In their essay, “Recognizing Campus Landscapes as Learning Spaces,” Kathleen G. Scholl and Gowri Betrabet Gulwadi identify a unique, twenty-first century challenge many college campuses face around the U.S. Highlighting the gradual decline of natural, green spaces on college campuses, Scholl and Gulwadi introduce the idea that open, green spaces are reflective of the quality of academic life on campus, emphasizing their value as beneficial tools for students. The authors argue that college campuses should reflect the holistic nature of learning, claiming that the green spaces and natural landscape of a college campus are educational resources that can assist in restoring cognitive attention for students.
While college campuses frequently boast about state-of-the-art facilities and indoor technologies students can take advantage of, Scholl and Gulwadi note that designated, indoor learning environments are many times banal and lack the holistic qualities found within nature. As “one fifth of a student’s time is spent in the classroom, contributing about one quarter of the total learning variance” (Scholl & Gulwadi), Scholl and Gulwadi propose that an increased diversity of learning spaces can assist stressed and anxious students who are constantly strained by copious amounts of work. Counting their argument, Scholl and Gulwadi claim that indoor classrooms are designed to be perceived as dull in order to keep students focused, recognizing the limits a traditional, indoor classroom environment can create for students. This aspect of their argument works to support their claim that green spaces offer a unique change of environment for students, noting how the natural landscape of college campuses, “can help enable and enhance a sense of being away and thereby lead to attention restoration” (Scholl & Gulwadi). This quote adds significance to their argument, as it highlights the fact that learning is a dynamic process, requiring a holistic approach to create learning environments that keep students engaged and focused. Understanding college campuses through this type of viewpoint helps readers regard college campuses as attentional resources, adding to Scholl and Gulwadi’s message of non-traditional, green spaces as valuable, educational resources that can work to restore cognitive attention for students.
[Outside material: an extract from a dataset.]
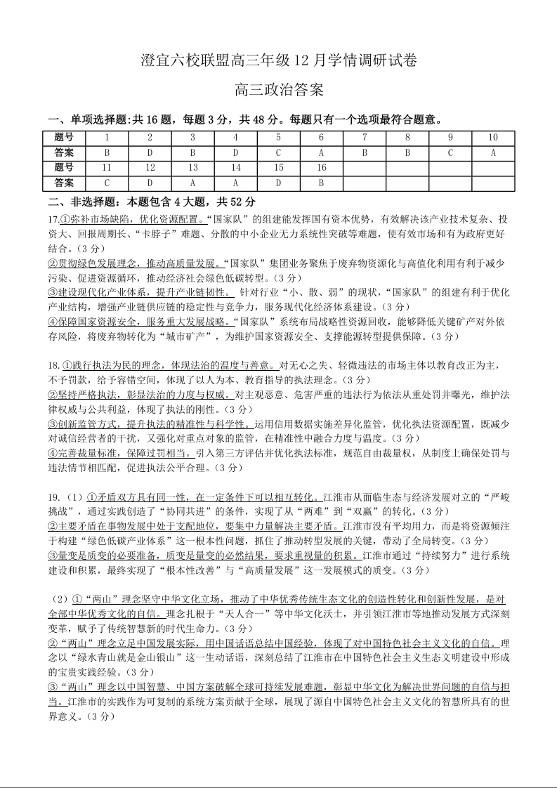 无锡市澄宜六校联盟2025-2026学年高三年级12月学情调研 政治答案.docx

Traditional, indoor learning environments work to enable productive learning experiences, though many times causing an imbalance for students, as Scholl and Gulwadi highlight the importance of non-structured, green spaces on college campuses. The cognitive benefits embedded in the mix of both structured and non-structured learning environments provide a healthy environment for students, fostering an environment where different types of students, who learn in different kinds of ways, can thrive. Though outdoor learning is not appropriate for all types of academic domains, the natural landscape and green spaces of a college campus serve as educational resources that can assist in restoring cognitive attention for students.